Haiman (1980:331): “the distinction between dictionaries and encyclopedias is not only one that is
practically impossible to make, but one that is fundamentally misconceived […] dictionaries are
encyclopedias” (cf. also Langacker 1987:154ff, Croft 1993).
“a network of shared, conventionalized, to some extent perhaps idealized knowledge, embedded in a pattern
of cultural beliefs and practices” (Taylor 1989:23)
2. La base expérientielle de notre pensée
2.1. Image schématiques
• Beaucoup de nos concepts sont fondés (grounded) dans notre expérience, physique et culturelle (cf. le
“experiential realism” de G Lakoff, 1987), ce qui vaut particulièrement pour nos concepts spatiaux.
Notre expérience spatiale quotidienne donne lieu à des images abstraites (image schemata), p.ex.
AVANT-DERRIERE, HAUT-BAS, etc.
“Knowledge is seen by many cognitive semanticists […] as being grounded in patterns of bodily
experience.

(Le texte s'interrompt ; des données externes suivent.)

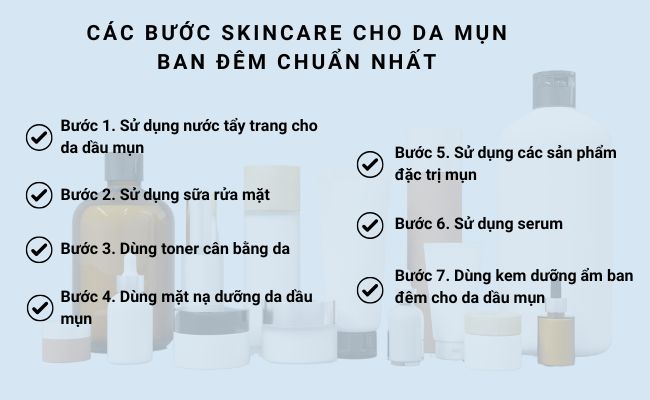 Để duy trì được sự khỏe mạnh cho làn da dầu mụn, việc lựa chọn sản phẩm phù hợp và xây dựng một Skincare Routine Cho Da Dầu Mụn: Các Bước Cơ Bản Và Sản Phẩm Khuyên Dùng là điều cực kỳ quan trọng. Người dùng nên chú ý đến các thành phần như Salicylic Acid, Niacinamide hay Benzoyl Peroxide trong sản phẩm trị mụn, đồng thời không quên giữ gìn thói quen ăn uống và sinh hoạt lành mạnh.

These patterns, called image schemas, emerge throughout sensorimotor activity as we
manipulate objects, orient ourselves spatially and temporally, and direct our preceptual focus for various
purposes” (Gibbs 1994:233,)
2.2. Métaphores conceptuelles
• « Notre système conceptuel ordinaire, qui nous sert à penser et à agir, est de nature fondamentalement
métaphorique » (Lakoff & Johnson 1985:13). Exemples:
- LE CHAMPS VISUEL, C’EST UN CONTENANT : Le navire entre dans le champs de vision. Il
est en vue.
- LE TEMPS, C’EST DE L’ESPACE : D’ici une heure on saura plus des métaphores. Je sais le
faire dans une heure. Les semaines derrières nous …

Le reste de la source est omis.